The signing of the Nigerian Content Plan for the Train 7 works, he said, will strengthen the NLNG’s commitment to further contribute to the advancement of growth in the Nigerian economy.
“After 19 years in operation, NLNG’s six trains plant has generated more than $100 billion in revenue and paid over $16 billion dividends to the Federal Government, through NNPC 49 percent shareholding.
“The company has also paid over $13 billion to the Federal Government for feed-gas purchases and $6.5 billion in taxes,” he said.
With the agreement, Mr Attah said the NLNG would want NCDMB’s support on Train 7 project to continue towards realising Nigeria’s aspiration to increase its gross domestic product (GDP) and diversify the economy by enhancing the ease of doing business.
In his remarks, Mr Wabote commended the NLNG for being the first operator in the midstream sector to sign the Nigerian Content Plan for the NLNG Train-7 project.
Mr Wabote said NLNG was also the first to implement the service level agreements (SLAs) concept introduced in May 2017 to help improve the Ease of Doing Business and cut down on the long tendering and contracting timelines in the industry.
Since the SLAs, he said the contracting timelines between the NCDMB and NLNG has improved, with several requests and approvals completed within 90 days, against the previous nine months duration.

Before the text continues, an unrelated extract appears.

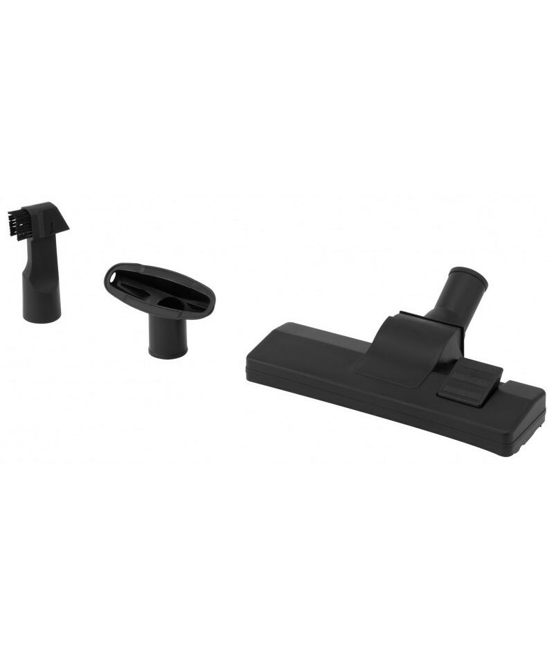 - В комплекте с бытовым прибором поставляется три насадки: универсальное изделие для ковра или напольного покрытия, для очистки труднодоступных мест, для уборки мягкой мебели

The NCDMB scribe said the SLA aided the timely completion of the Nigerian Content Plan for the Train-7 project expected to ramp up NLNG’s production capacity by 35 per cent from 22 million tonnes per annum to 30 million tonnes per annum.
Benefits of content plan
The Train-7 Nigerian Content plan, Wabote explained, has provision for 100 percent engineering of all non-cryogenic areas in-country, totaling 55 percent man-hours, which exceeds the minimum level stipulated in the Nigerian Oil & Gas Industry Content Development (NOGICD) Act.
The construction of Train-7 of the NLNG project will deliver 100 percent in-country fabrication of the condensate stabilization unit, pipe-racks, flare system, and non-cryogenic vessels, apart from site civil works on roads, piling, and jetties.
“There will be 100% local procurement of all low and high voltage cables, all non-cryogenic valves, protective coatings, and all sacrifice anodes. About 70% of all non-cryogenic pumps and control valves will be assembled in-country.
“Other spin-off opportunities includes logistics, equipment leasing, insurance, hotels, office supplies, aviation, haulage, and many more. With the increased number of trains in NLNG, there is also huge scope for local businesses to build capabilities in the maintenance of LNG plants especially in the area of cryogenics,” Wabote said.
At its peak production, he said the NLNG Tran 7 plant will provide direct, indirect, and induced employment of over 10,000 workers, apart from its capacity to attract other upstream gas supply projects.